## WHAT IS NEEDED:
Any picture in the material should be left out, while all other lines are copied exactly.

= = = =

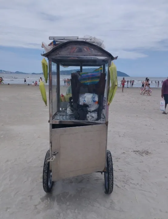 Carrinho na praia do Itararé ponto fixo , na direção do quiosque da Cris
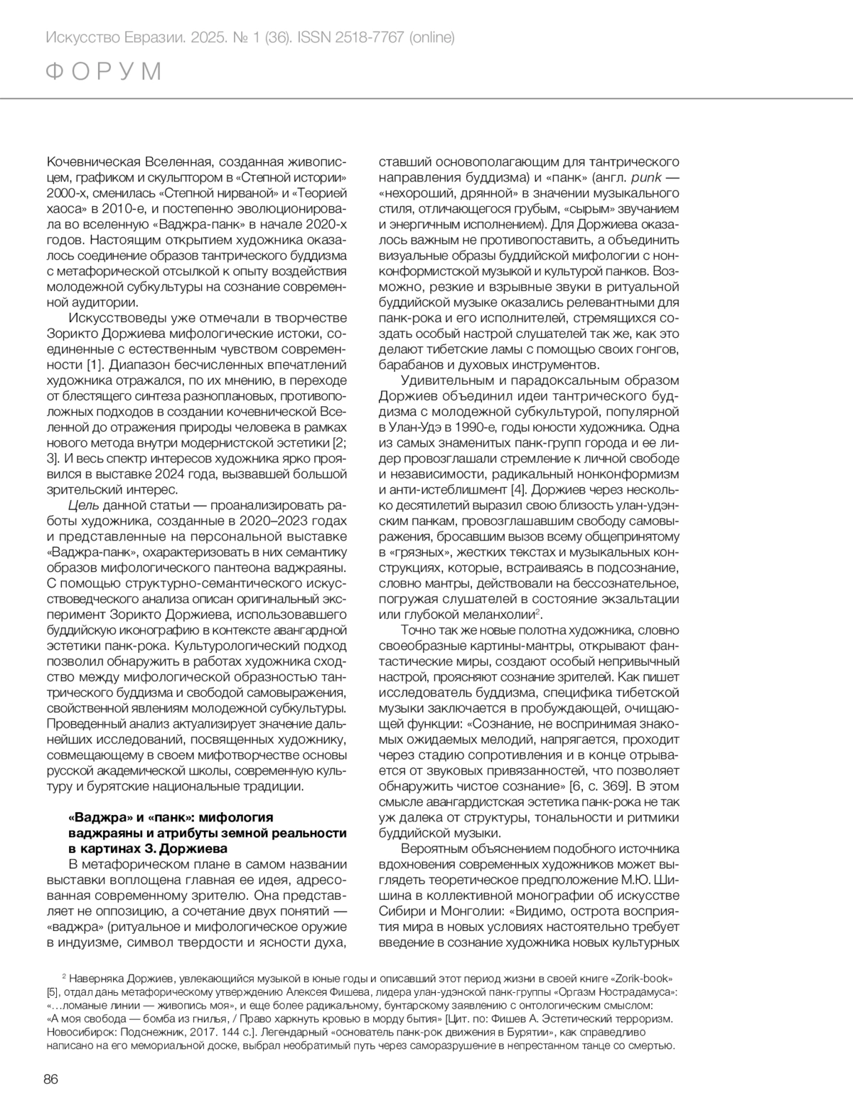 В статье рассматривается новый этап творчества известного российского художника Зорикто Доржиева, представленный в экспозиции и каталоге выставки «Ваджра-панк» в Национальном музее Республики Бурятия. Утверждается, что в названии выставки отражен интерес художника к мифологии тантрического буддизма и ее метафорической связи с панк-культурой. В контексте культурологического подхода и с использованием структурно-семантического метода анализируются наиболее значимые произведения З. Доржиева 2020-2023 годов, сочетающие мифологическую образность ваджраяны и свободу самовыражения, свойственную нонконформистской, бунтарской субкультуре. Дается объяснение диалогу автора со зрителем, по воздействию на сознание и подсознание схожему с буддийскими мантрами и тибетской ритуальной музыкой. Особое место отведено творческой интерпретации женских персонажей в мифологическом пантеоне ваджраяны. Сделан вывод о том, что в картинах З. Доржиева 2020-х годов важное место занимает процесс перехода от земного к трансцендентному, позволяющий раскрыть бытийную сущность эмпирической реальности, воплотить тревожное состояние сознания своего современника.
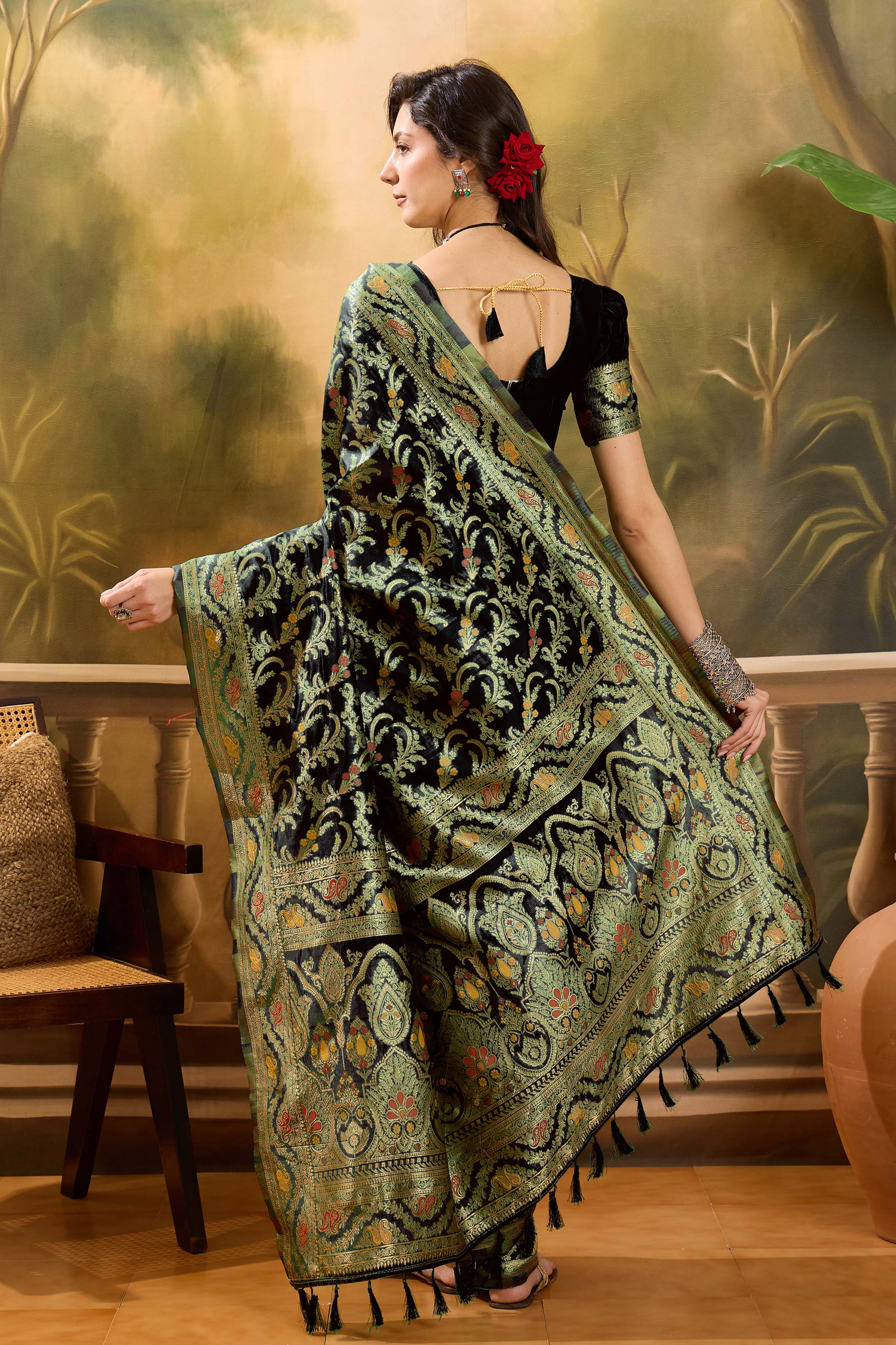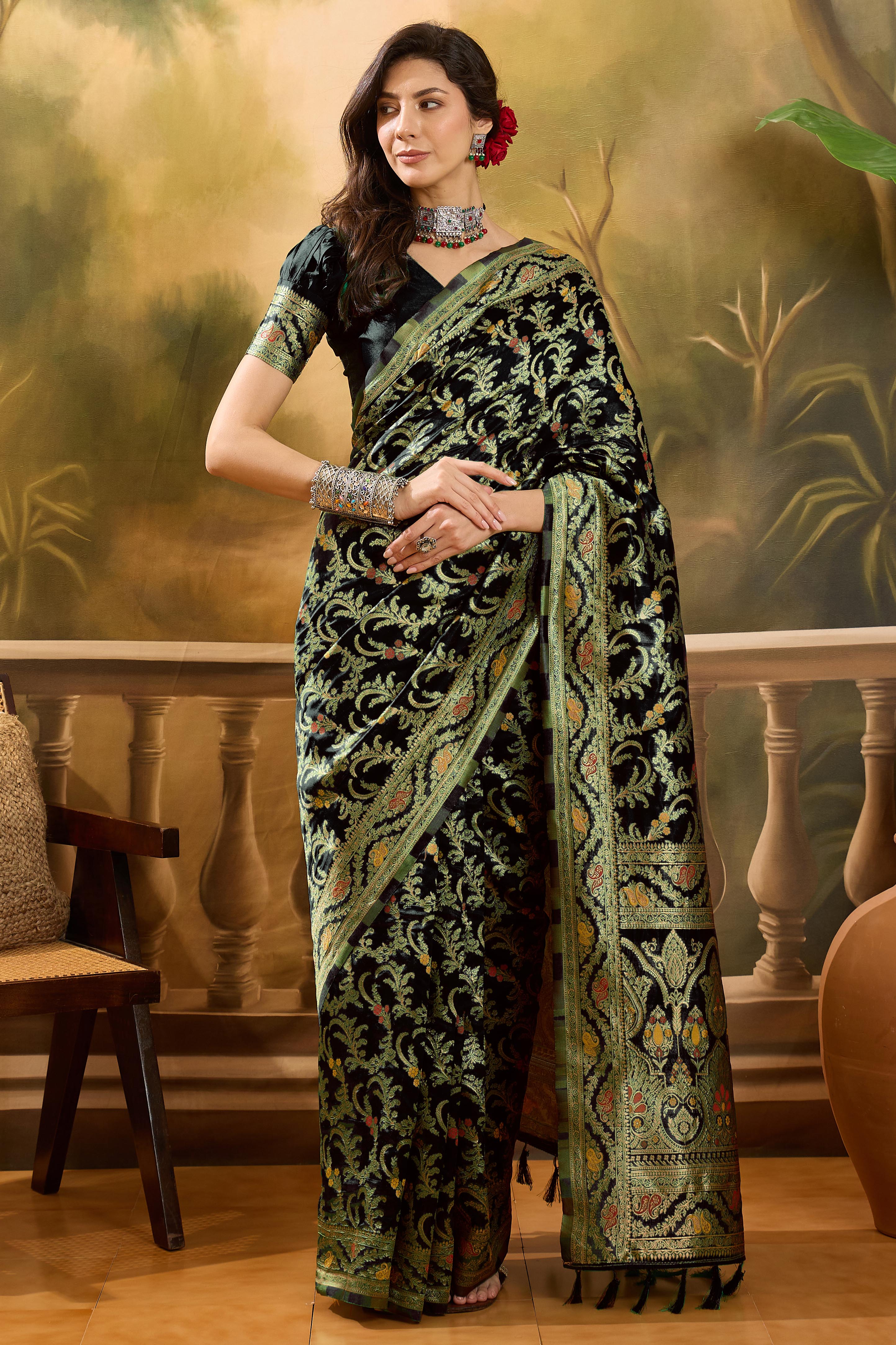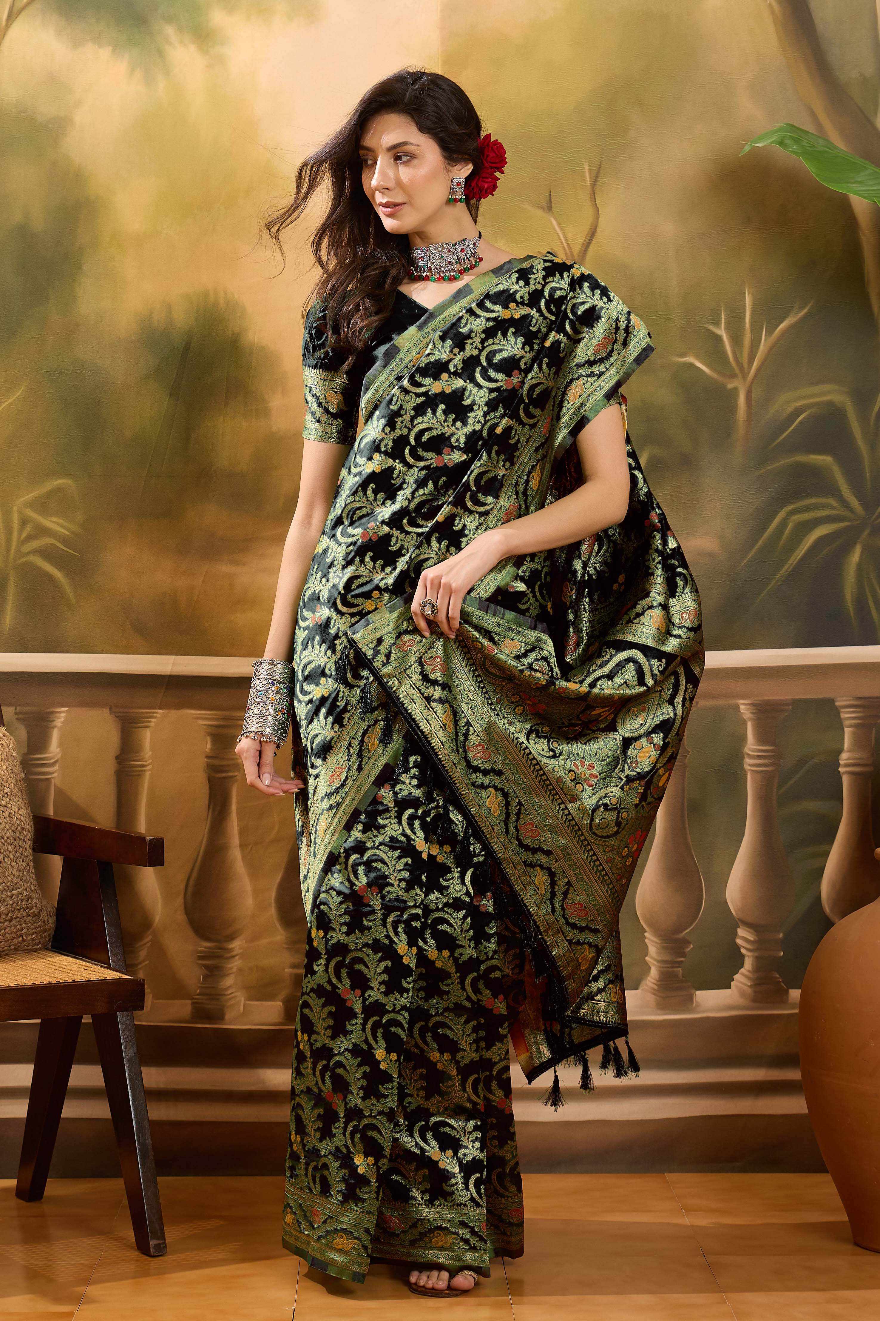 AASTHA FASHION Fashion Dream Womens Black Banarasi Jacquard Saree | Soft & Elegant Traditional Wear
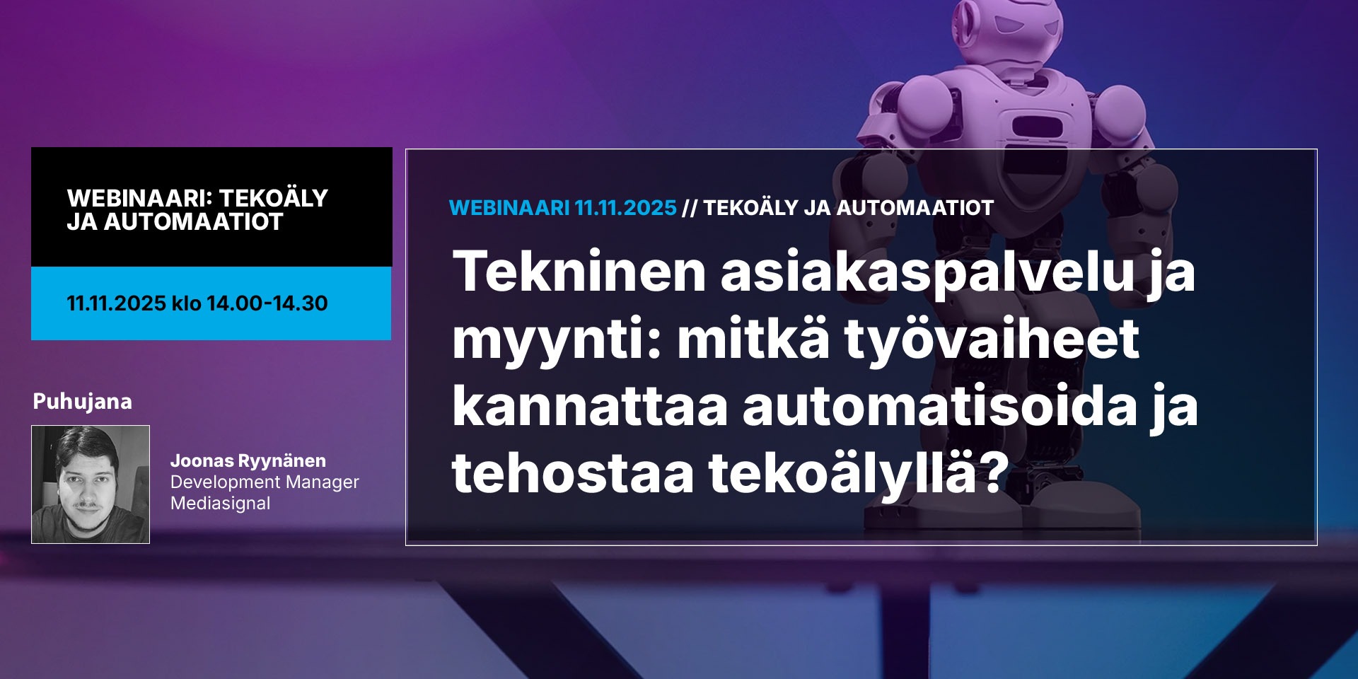 Osallistu webinaariin: Mitkä teknisen asiakaspalvelun ja myynnin työvaiheet kannattaa automatisoida tekoälyllä?
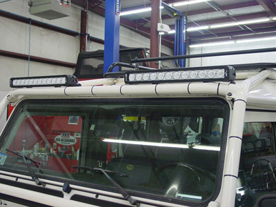 This image shows the new LED lamps for the front of the 110. These units are basically like instant daylight. They are sealed and because they are LED units they draw very little power and will last much longer than any bulb lamp. The low profile also gives them a great look on the top of the 110 and their all alloy construction will keep them good for the long haul.
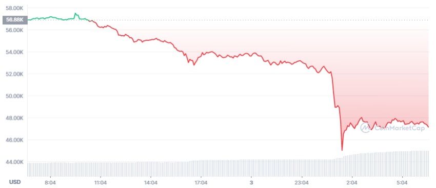 Chỉ trong một ngày, giá Bitcoin trải qua một sự điều chỉnh khoảng 40% so với mức cao nhất mọi thời đại. Vào thời điểm viết bài, Bitcoin đã tăng nhẹ, giao dịch ở mức khoảng 47,000 USD.
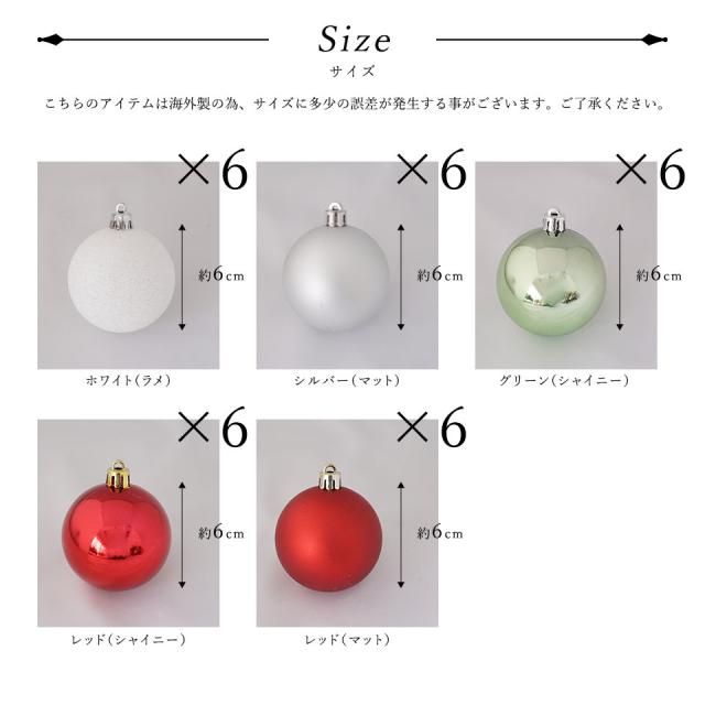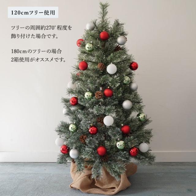 ★「クリスマスツリーをおしゃれに飾り付けたいけど、どんなオーナメントを選んだら良いのか分からない…!」 そんな方へおすすめなのがこちらのミックスオーナメント。バランスの取れた配色でクリスマスツリーをシックに彩ります。 ニュアンスの異なる4色のボールオーナメントがセットになった合計30個のオーナメントアソートです。 同系色がセットになっているのでツリーに一体感がうまれ、誰でも簡単にセンスの良いデコレーションが完成します。 お手軽に華やかでおしゃれなツリーに仕上げてくれる人気アイテムです。 定番ともいえるクリスマスカラーはパーティーシーンにもぴったり。カジュアルなものから高級感のあるものまで、様々なテイストのツリーに組み合わせやすいオーナメントです。 |

= = = =

## SOLUTION FOR THIS TASK:
 Carrinho na praia do Itararé ponto fixo , na direção do quiosque da Cris
 В статье рассматривается новый этап творчества известного российского художника Зорикто Доржиева, представленный в экспозиции и каталоге выставки «Ваджра-панк» в Национальном музее Республики Бурятия. Утверждается, что в названии выставки отражен интерес художника к мифологии тантрического буддизма и ее метафорической связи с панк-культурой. В контексте культурологического подхода и с использованием структурно-семантического метода анализируются наиболее значимые произведения З. Доржиева 2020-2023 годов, сочетающие мифологическую образность ваджраяны и свободу самовыражения, свойственную нонконформистской, бунтарской субкультуре. Дается объяснение диалогу автора со зрителем, по воздействию на сознание и подсознание схожему с буддийскими мантрами и тибетской ритуальной музыкой. Особое место отведено творческой интерпретации женских персонажей в мифологическом пантеоне ваджраяны. Сделан вывод о том, что в картинах З. Доржиева 2020-х годов важное место занимает процесс перехода от земного к трансцендентному, позволяющий раскрыть бытийную сущность эмпирической реальности, воплотить тревожное состояние сознания своего современника.
 AASTHA FASHION Fashion Dream Womens Black Banarasi Jacquard Saree | Soft & Elegant Traditional Wear
 Osallistu webinaariin: Mitkä teknisen asiakaspalvelun ja myynnin työvaiheet kannattaa automatisoida tekoälyllä?
 This image shows the new LED lamps for the front of the 110. These units are basically like instant daylight. They are sealed and because they are LED units they draw very little power and will last much longer than any bulb lamp. The low profile also gives them a great look on the top of the 110 and their all alloy construction will keep them good for the long haul.
 Chỉ trong một ngày, giá Bitcoin trải qua một sự điều chỉnh khoảng 40% so với mức cao nhất mọi thời đại. Vào thời điểm viết bài, Bitcoin đã tăng nhẹ, giao dịch ở mức khoảng 47,000 USD.
 ★「クリスマスツリーをおしゃれに飾り付けたいけど、どんなオーナメントを選んだら良いのか分からない…!」 そんな方へおすすめなのがこちらのミックスオーナメント。バランスの取れた配色でクリスマスツリーをシックに彩ります。 ニュアンスの異なる4色のボールオーナメントがセットになった合計30個のオーナメントアソートです。 同系色がセットになっているのでツリーに一体感がうまれ、誰でも簡単にセンスの良いデコレーションが完成します。 お手軽に華やかでおしゃれなツリーに仕上げてくれる人気アイテムです。 定番ともいえるクリスマスカラーはパーティーシーンにもぴったり。カジュアルなものから高級感のあるものまで、様々なテイストのツリーに組み合わせやすいオーナメントです。 |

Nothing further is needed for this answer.